Answer to Question #103908 in Trigonometry for Martin

Given

V = 8 volts ( constant )

Resistance is increasing at the rate of 0.3 ohms per second

i.e. "\\frac{dR}{dt}=0.3\\:" ohms/sec

We need to find rate of change of current when resistance is 3 ohms

"\\frac{dI}{dt}=?" when R= 3 ohms

We know the relation

"I=\\frac{V}{R}"

Differentiating with respect to time

"\\frac{d}{dt}\\left(I\\right)=\\frac{d}{dt}\\left(\\frac{V}{R}\\right)"

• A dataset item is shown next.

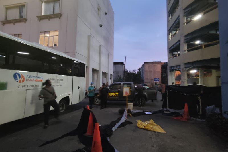 Jenazah korban bunuh diri di lantai dasar parkiran mobil kompleks pertokoan Palembang Indah Mal (PIM), Jumat (8/10/2021) (ANTARA/M Riezko Bima Elko P/21)Elshinta.com - Polisi memastikan seorang mahasiswa yang ditemukan tewas di lantai dasar parkiran mobil Kompleks Pertokoan Palembang Indah Mal (PIM) di Palembang, Sumatera Selatan, murni bunuh diri.

since voltage is constant, it can be taken out.

"\\frac{dI}{dt}=V\\cdot \\frac{d}{dt}\\left(\\frac{1}{R}\\right)"

"\\frac{dI}{dt}=V\\cdot \\:\\left(-\\frac{1}{R^2}\\cdot \\frac{dR}{dt}\\right)"

substituting values

"\\frac{dI}{dt}=8\\cdot \\:\\left(-\\frac{1}{3^2}\\cdot 0.3\\right)=-\\frac{4}{15}" amperes per second

Negative sign indicates current is decreasing with respect to time.

So current is decreasing at the rate of 4/15 amperes per second when R is 3 ohms.